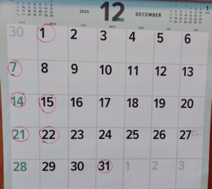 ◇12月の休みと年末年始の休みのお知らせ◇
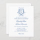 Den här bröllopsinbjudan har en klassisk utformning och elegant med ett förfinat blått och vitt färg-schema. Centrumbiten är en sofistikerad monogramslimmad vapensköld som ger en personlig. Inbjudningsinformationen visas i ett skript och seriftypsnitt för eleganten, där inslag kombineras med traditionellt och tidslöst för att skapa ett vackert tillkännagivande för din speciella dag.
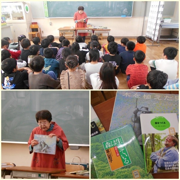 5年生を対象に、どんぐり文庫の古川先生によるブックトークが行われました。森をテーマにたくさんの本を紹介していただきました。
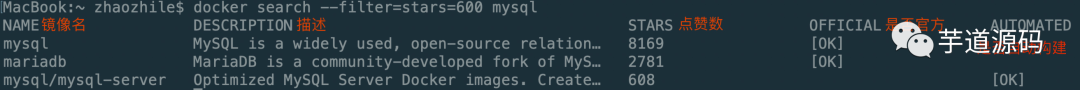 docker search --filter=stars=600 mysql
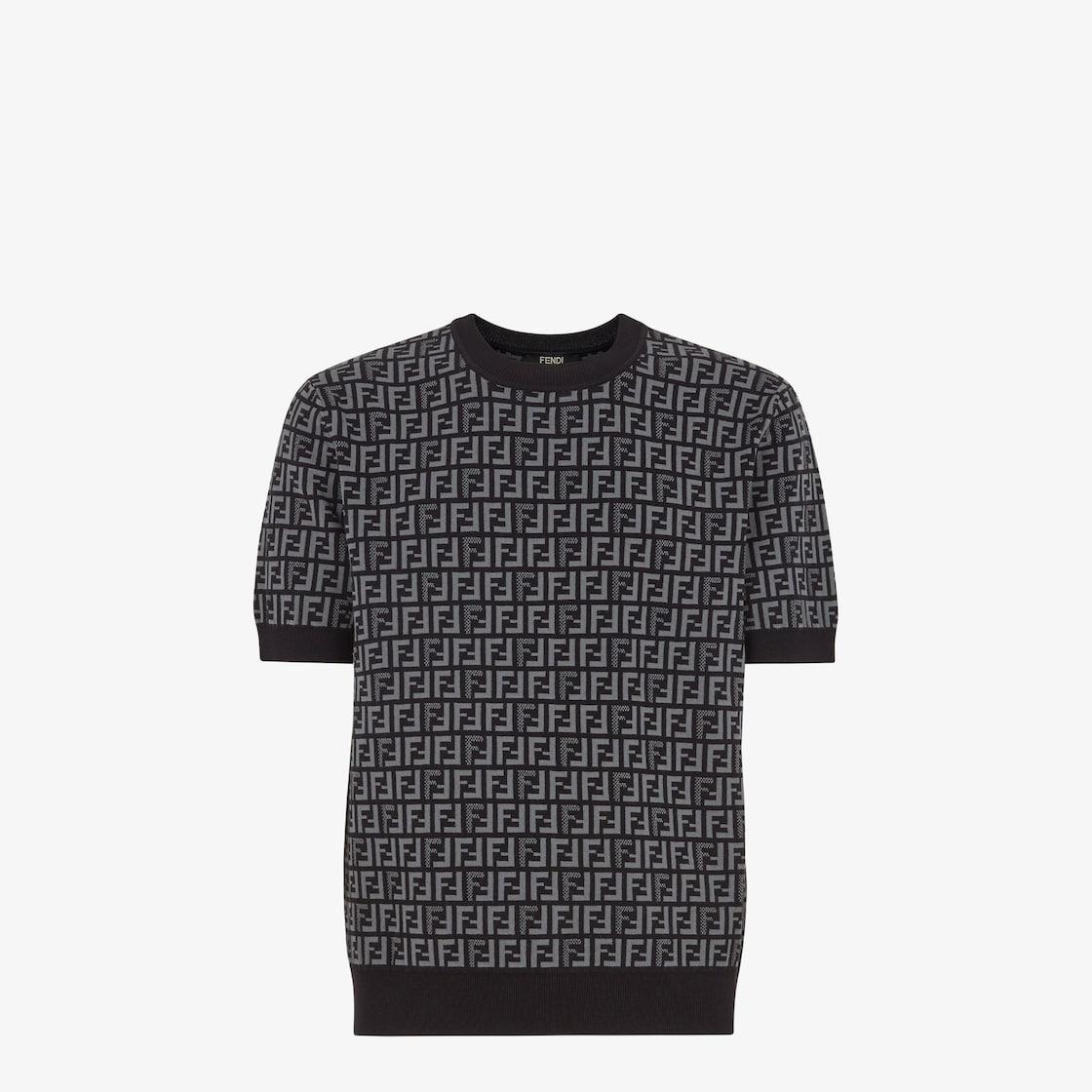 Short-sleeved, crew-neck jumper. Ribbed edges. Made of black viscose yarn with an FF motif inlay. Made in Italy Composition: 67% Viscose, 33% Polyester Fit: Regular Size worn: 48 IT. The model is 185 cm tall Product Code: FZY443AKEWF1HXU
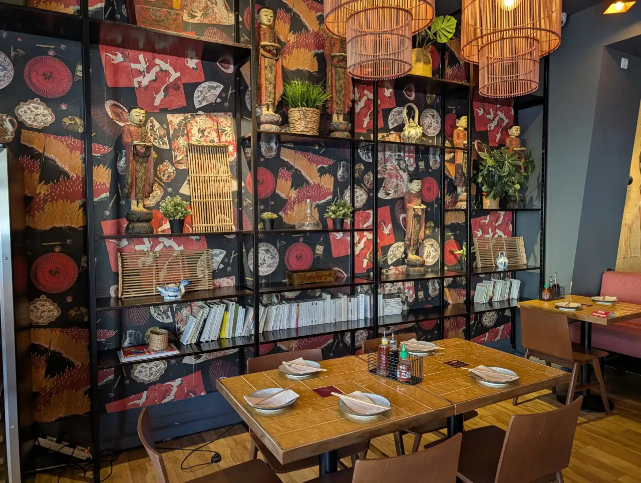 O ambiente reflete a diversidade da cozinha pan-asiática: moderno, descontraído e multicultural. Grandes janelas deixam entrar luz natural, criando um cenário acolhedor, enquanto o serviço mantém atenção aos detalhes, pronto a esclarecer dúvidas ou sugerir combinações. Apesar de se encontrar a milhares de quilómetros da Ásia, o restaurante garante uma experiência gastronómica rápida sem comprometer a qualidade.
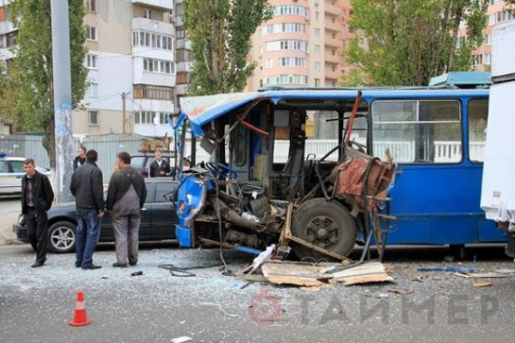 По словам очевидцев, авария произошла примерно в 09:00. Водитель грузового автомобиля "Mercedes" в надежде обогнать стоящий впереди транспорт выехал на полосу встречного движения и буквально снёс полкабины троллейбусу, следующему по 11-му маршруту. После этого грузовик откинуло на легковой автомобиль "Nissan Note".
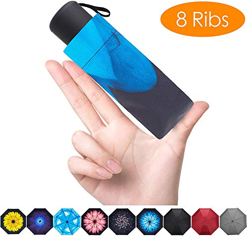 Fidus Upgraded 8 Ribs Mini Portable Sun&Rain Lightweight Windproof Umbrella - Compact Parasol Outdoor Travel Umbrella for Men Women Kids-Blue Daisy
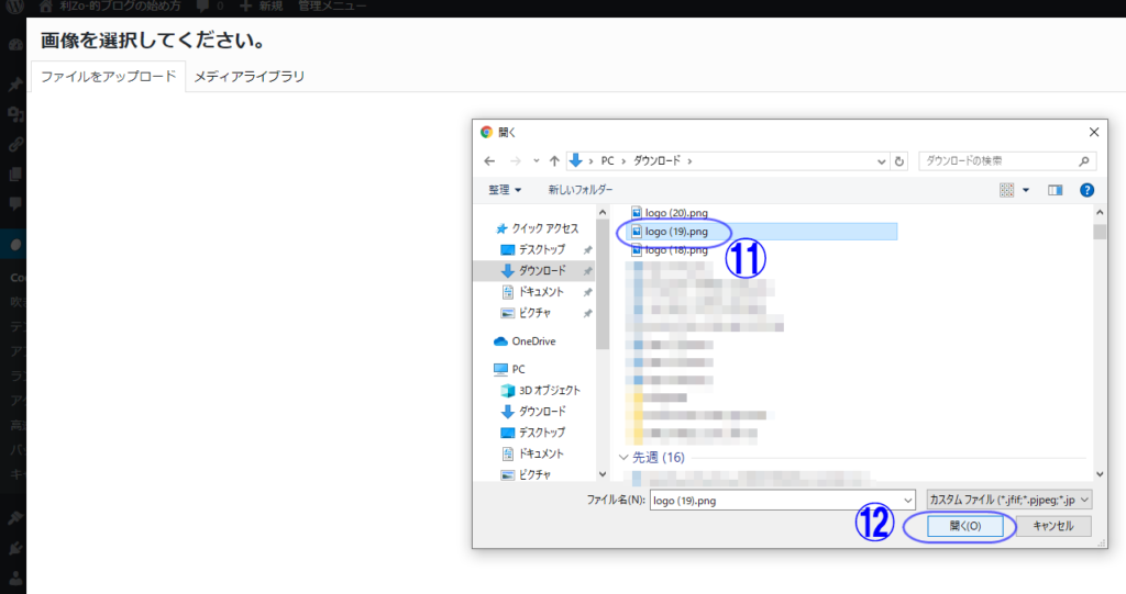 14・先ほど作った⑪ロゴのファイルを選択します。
——————
Problem details ▸
Only the lines from the top of the data through the line with "Den här bröllopsinbjudan" should be quoted, exactly and with both ends kept; skip the pictures.

Reply to the task ▸
 ◇12月の休みと年末年始の休みのお知らせ◇
 Den här bröllopsinbjudan har en klassisk utformning och elegant med ett förfinat blått och vitt färg-schema. Centrumbiten är en sofistikerad monogramslimmad vapensköld som ger en personlig. Inbjudningsinformationen visas i ett skript och seriftypsnitt för eleganten, där inslag kombineras med traditionellt och tidslöst för att skapa ett vackert tillkännagivande för din speciella dag.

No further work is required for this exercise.